I wrote that nearly two years ago, when I undertook the most difficult challenge of my life – navigating my mother from life to death.  This involved bringing her from Florida to Seattle, where I hoped she could receive cancer treatment, only to discover when she got here that it was too late. The move necessitated changing her Medicare Part “D” insurance (just for kicks, ask your parents to explain their Medicare Part D coverage. Want to really have fun? Ask them to explain the “donut hole.”), which required scores of phone calls to Medicare, as well as to her old and new supplemental insurance companies.  Though I was literally fighting for her life (she could not see a doctor until the insurance changes were finalized), each phone call was like something out of Kafka.

The person at the other end of the line (who would only provide a first name) claimed to know nothing about what had supposedly been done during the previous ten phone calls.  Attempts to trace those other first-name-only customer service representatives, who had promised to take care of things, were fruitless.

During many sleepless nights, I sought comfort from the New York Times blog “The New Old Age,” which was established by Jane Gross, and has continued under Times writer Paula Span. Thanks to them (who I came to think of as trusted older sisters), their guest bloggers, and the countless readers who wrote in with questions and also advice, I learned what questions I should ask and discovered many valuable resources I hadn’t known about.  Most importantly, I learned I wasn’t alone.

Jane Gross recently published A Bittersweet Season: Caring for our Aging Parents –and Ourselves, which is both her personal story of caring for her mother and an enlightening depiction of how Medicare really works.

Paula Span describes her 2009 book When the Time Comes: Families with Aging Parents Share Their Struggles and Solutions as “a support group in print.”

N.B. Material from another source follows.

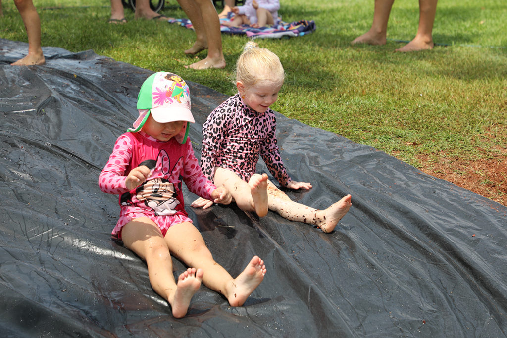 Slippery slide was a huge hit at the water play event in Childers.

Even if you don’t think you need to yet, I urge you to talk to your parents about their financial situation, their wills and their insurance coverage (including long-term care insurance)   Make sure they have given someone power of attorney and have written directives for the disposition of their remains. Pay attention to the proposed Medicare-related changes in the ongoing health care debate.

Because when the time comes, it will be bittersweet, and you will want to be prepared.